Financial aid is an important subsidy for most international students financing their education in the U.S. But to what extent does financial aid predict the enrollment of first-time international students (ISE\(_{ft}\))? To answer this question, I leverage international student aid data from the Common Data Set (CDS). CDS data is the only available source of international student aid data, aside from government data. Notably, CDS data is - somewhat counterintuitively to its name - not centrally aggregated. I spent the better half of an academic year scraping data from individual institution’s websites. Therefore, time constraints necessitated narrowing down the paper’s scope to institutions in the Great Lakes region (OH, MI, WI, IN, IL).

Interestingly, previous literature offers a wealth of insight into the relationship of financial aid and enrollment. The literature, however, only (i) considers certain institutions (e.g., Zhang and Hagedorn, 2018; Bound et al., 2020), (ii) is limited to domestic students (e.g., Dynarski, 2000, 2003; Kane, 2010; Leslie and Brinkman, 1987; Seftor and Turner, 2002), or (iii) is restricted to time-invariant ISE\(_{ft}\) predictors (e.g., Bicak and Taylor, 2020).

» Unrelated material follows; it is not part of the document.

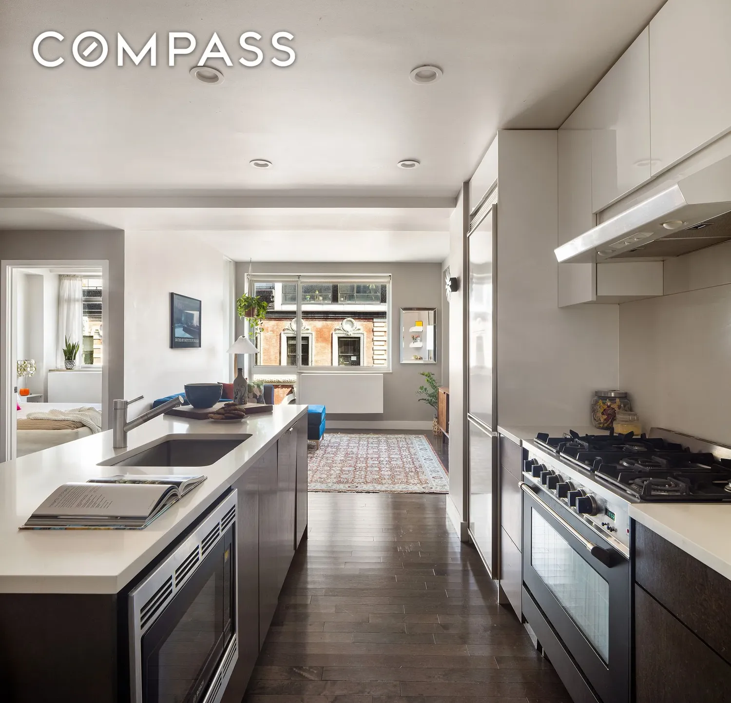 Step inside to a chef’s kitchen designed for both function and flair—complete with a center island, separate dining area, Leibherr refrigerator, Bosch appliances, and a DeLonghi five-burner range. The spacious living room is framed by oversized north-facing windows, filling the space with soft, steady natural light—perfect for relaxing with a book, entertaining friends, or creating a cozy, artful home.

My paper combines various insight from literature with CDS data in an attempt to understand the role of financial aid as an enrollment predictor for international undergraduate students.

2. Causality

Causal inference or Casual inference - that is the question. Initially, my paper gave rise to a difference-in-differences scenario (DiD) with continuous and multiple-period treatment (henceforth the “cont.-mp” case). Callaway et al. (2021) - the theoretical basis for this paper’s causal inference design - outline five criteria that would allow for a causal interpretation in the cont.-mp scenario:

  • Assumption 1 (Random Sampling): The observed data are independent and identically distributed (iid).
  • Assumption 2 (Support): There is a control group of units that are general enough to allow for continuous treatment.
  • Assumption 3 (No Anticipation / Staggered Adoption): Units do (i) not anticipate treatment and (ii) upon becoming treated with dose d at time t, remain treated with dose d in all subsequent periods.
  • Assumption 4 (Strong Parallel Trends): Restricts paths of both untreated and treated potential outcomes such that that all dose groups treated at time t would have had the same path of potential outcomes at every dose.
  • Assumption 5 (No Treatment Effect Dynamics/ No Treatment Effect Heterogeneity): Homogeneous behavior of treated units across groups, treatment time, and treatment timing group

Assumptions 1 - 3 are weaker assumptions that can be justified even with observational data. Assumptions 4 and 5, however, are much stronger ones. Specifically, Assumption 5 is where the problem lies in my analysis. In my paper, I consider how changes in total aid predict changes in aggregate ISE\(_{ft}\) at time \(t\) at institution \(i\). In order to rule out Treatment Effect Heterogeneity (TEH), I would have to assume that individual characteristics, such as family income or ability (Dynarski, 2000; Cornwell et al., 2006) are quasi-random across institutions i and time periods \(t\). More generally, I would have to assume homogeneity of the causal response (think: Effect of aid on an individual student) across incoming student classes across all institutions and all time periods. That is simply not the case, and any attempt to spin it that way would have been a poor attempt at embellishing the quality of my data. So, in order to avoid authoring yet another casual inference paper, I decided to reject a causal framework altogether and focus on the value this study delivers as a correlational study. Mainly, it is a valuable tool for institutional decision-makers wondering about “how far” their aid money can go. (Sneak peek into the next section: Pretty far!)

3. Modeling

The general model controls for three variables. The log of cost (since aid is only important when relative to cost (see Bodycott, 2009; Darby, 2015)); the perceived quality of the institution via acceptance rate (see Bodycott, 2009; Darby, 2015; Mazzarol and Soutar, 2002), and finally institutional size via the log of total undergraduate enrollment (see Cantwell, 2019). The variables of interest are the log of financial aid as well as aid concentration - a measure of whether Many students receive little aid or few students receive a lot of aid. The dependent variable is the log of ISE\(_{ft}\).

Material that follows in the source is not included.